The Ice Nucleating Protein InaZ is Activated by Low Temperature

Ice-nucleation active (INA) bacteria can promote the growth of ice more effectively than any other known material. Utilizing specialized ice-nucleating proteins (INPros), they obtain nutrients from plants by inducing frost damage and, when airborne in the atmosphere, they drive ice nucleation within clouds and may affect global precipitation patterns. Despite their evident environmental importance, the molecular mechanisms behind INPro-induced freezing have remained largely elusive. In the present study, we investigated the folding and the structural basis for interactions between water and the ice-nucleating protein InaZ from the INA bacterium Pseudomonas syringae strain R10.79. Using vibrational sum-frequency generation and two-dimensional infrared spectroscopy, we demonstrate that the ice-active repeats of InaZ adopt a β-helical structure in solution and at water surfaces. In this configuration, hydrogen bonding between INPros and water molecules imposes structural ordering on the adjacent water network.
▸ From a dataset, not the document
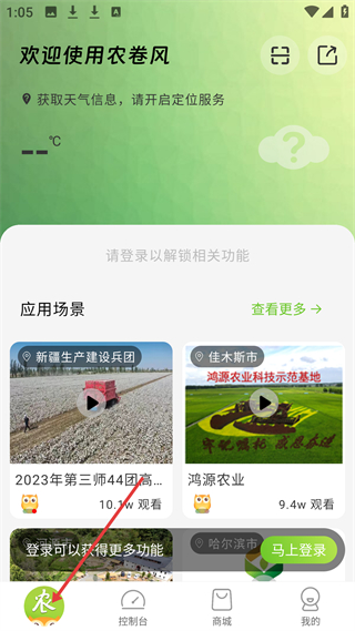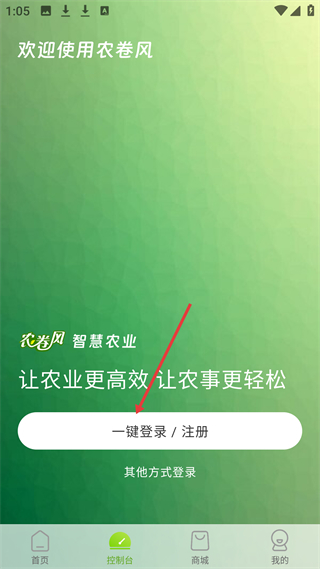 1、登錄注冊板塊,提供一鍵登錄注冊方式,也可選擇其他方式登錄,宣傳智慧農業理念,讓農業更高效、農事更輕松。

The observed order of water increases as the interface is cooled to temperatures close to the melting point of water. Experimental SFG data combined with spectral calculations and molecular-dynamics simulations shows that the INPro reorients at lower temperatures. We suggest that the reorientation can enhance order-inducing water interactions and, thereby, the effectiveness of ice nucleation by InaZ.